The mean protein binding of penicillin G in
human serum was 29.5% (range, 25 to 46%), that in mouse serum was
8.5% (range, 0 to 17%), and that in rabbit serum was 24% (range, 13 to 36%).
Bactericidal activity in mouse lungs and thighs.
The
bactericidal activities of the different treatment regimens in the
lungs and thighs are shown in Fig. 1A and 1B. The
pharmacodynamic parameters were similar for both the
susceptible (Fig. 1A) and the
nonsusceptible (Fig. 1B) strains, with maximal bactericidal activities in the thighs of 3.5 and 2.9 log10 CFU,
respectively, and maximal bactericidal activities in the lungs of 1.1 and 0.9 log10 CFU, respectively. In the thigh model,
bactericidal activity became pronounced only when
T>MIC was 65% of the experimental time
or Cmax was at least 15 times the MIC, or both.
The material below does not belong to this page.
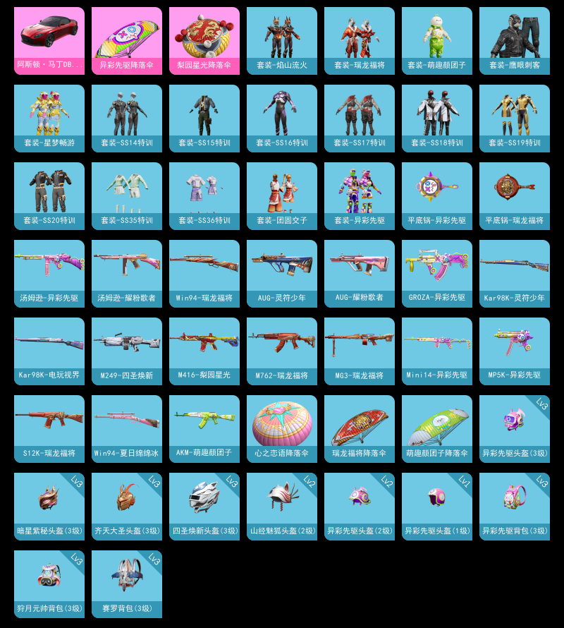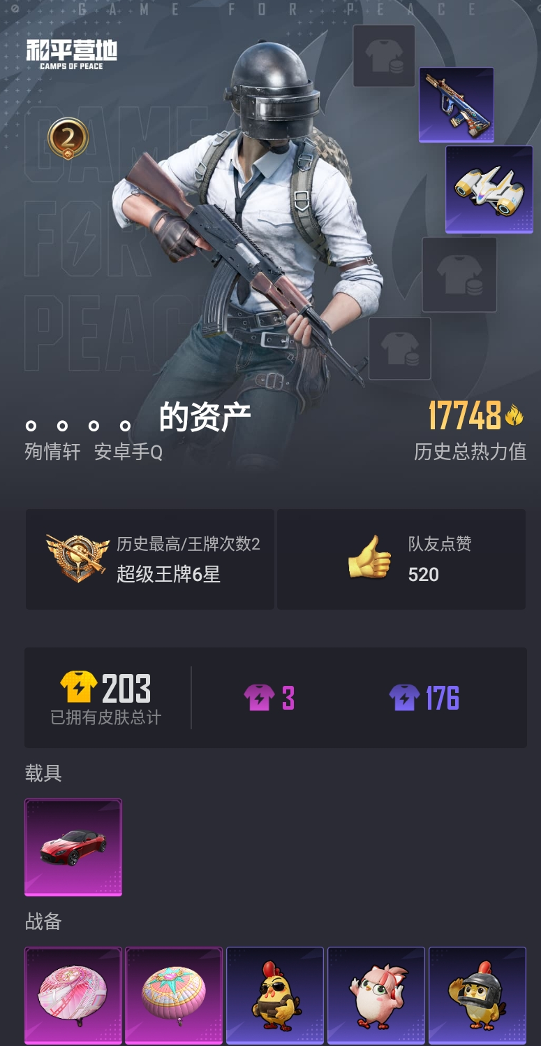 【和平精英】【lyhp19107】1载具 阿斯顿马丁 0粉装,0特效呛,1载具,历史最高段位:超级王牌6星 王牌印记2次 热力值:17748,44套装,53呛械,56装备,33战备;套装:套装-特训学院,套装-红色运动,套装-黄色运动,套装-蓝色运动,套装-白色伏地魔,套装-竞技名士,套装-湖蓝色名流,套装-猛禽,套装-长空猛禽,套装-战地督导,套装-滨海假日,套装-鹰眼刺客,套装-幻影武者,套装-怒火燎原,套装-超能勇士,套装-幻世战舞者,套装-格斗先锋,套装-北国孤狼,套装-霓虹街区,套装-夏日音浪,套装-探宝勇士,套装-牛气满满,套装-萌趣颜团子,套装-ss18特训,套装-ss14特训,套装-吉莉礼服,套装-星梦畅游,套装-ss15特训,套装-ss16特训,套装-ss17特训,套装-瑞龙福将,套装-团圆交子,套装-焰山流火,套装-福星高照,套装-虎虎生威吉莉,套装-异彩先驱,套装-霓虹极客,套装-ss19特训,套装-ss20特训,套装-绯格组合,套装-王牌教练,套装-ss35特训,套装-ss36特训,套装-雪国风尚;呛皮:akm-破晓战魂,akm-夜灯,akm-彩虹符号,akm-萌趣颜团子,akm-虎虎生威,g36c-乌木金纹,aug-耀粉歌者,aug-灵符少年,m762-牛气冲天,m762-瑞龙福将,groza-异彩先驱,m16a4-蓝色火焰,m416-红色方程式,m416-梨园星光,scar-l-红色方程式,kar98k-彩虹符号,kar98k-炫彩节奏,kar98k-电玩视界,kar98k-灵符少年,kar98k-乌木金纹,win94-夏日绵绵冰,win94-瑞龙福将,m24-乌木金纹,mk12-乌木金纹,mk14-乌木金纹,mini14-炫彩节奏,mini14-异彩先驱,sks-炫彩节奏,汤姆逊-耀粉歌者,汤姆逊-炫彩节奏,汤姆逊-异彩先驱,汤姆逊-天降萌叽,汤姆逊-乌木金纹,vect-彩虹符号,uzi-红色方程式,uzi-炫彩节奏,野牛-夜灯,野牛-乌木金纹,mp5k-异彩先驱,ump45-蓝色火焰,s12k-破晓战魂,s12k-瑞龙福将,s12k-幻世战舞者,s1897-乌木金纹,s686-红色方程式,mg3-瑞龙福将,mg3-幻世战舞者,m249-四圣焕新,m249-乌木金纹,平底锅-瑞龙福将,平底锅-空投萌叽,平底锅-异彩先驱,突击盾牌-绝对恒星;载具:阿斯顿·马丁dbs红;降落伞:火焰蝠人飞行服,登顶巅峰飞行器; 详情看图

Similarly, even though the bactericidal activity was very limited in
the lungs, it was observed only when T>MIC was
at least 65% of the experimental time. The correlation of
Cmax, T>MIC,
T>MIC f.d., and AUC/MIC with bactericial
activity by univariate analysis is shown in Table
6, and the association with AUC/MIC is
demonstrated further in Fig. 2.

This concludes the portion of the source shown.